The forerunner of today’s Lebküchen was called the “honey cake” and its history can be traced back to the Egyptians, the Greeks, and the Romans.
They believed that honey, the only sweetener widely available to them, was a gift of the Gods and had magical and healing powers.
Honey cakes were also worn as a talisman in battle or as protection against evil spirits! But be that as it may . . .
Invented by medieval monks in Franconia, Germany in the 13th century, Lebküchen bakers were recorded as early as 1296 in Ulm, and 1395 in Nürnberg.
Lebküchen dough is usually placed on a thin wafer base called Oblate. This was an idea of the monks, who used unleavened communion wafer ingredients to prevent the dough from sticking. Typically, they are glazed or covered with very dark chocolate, but some are left uncoated.
Lebküchen range in taste from spicy to sweet and come in a variety of shapes with round being the most common. The ingredients usually include honey, spices such as aniseed, coriander, cloves, ginger, cardamom, and allspice, nuts including almonds, hazelnuts, and walnuts.
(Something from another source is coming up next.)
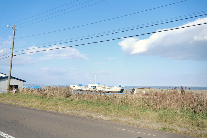 ふと気づけば、自転車にまたがる影が少し伸びてきた。海にはブイが一列に浮かび、道路横では漁船や漁具の姿も。右から香っていた潮の匂いには、だんだんと磯の感じが強まってきた。漁師まちが近づいている。

Since 1808, a variety of Nürnberg Lebküchen made without flour has been called Elisen-lebküchen.
It is uncertain whether the name Elise refers to the daughter of a gingerbread baker or the wife of a margrave.
Her name is associated with some of the Lebküchen produced by members of the guild. Since 1996, Nürnberger Lebküchen is a Protected Designation of Origin and must be produced within the boundaries of the city.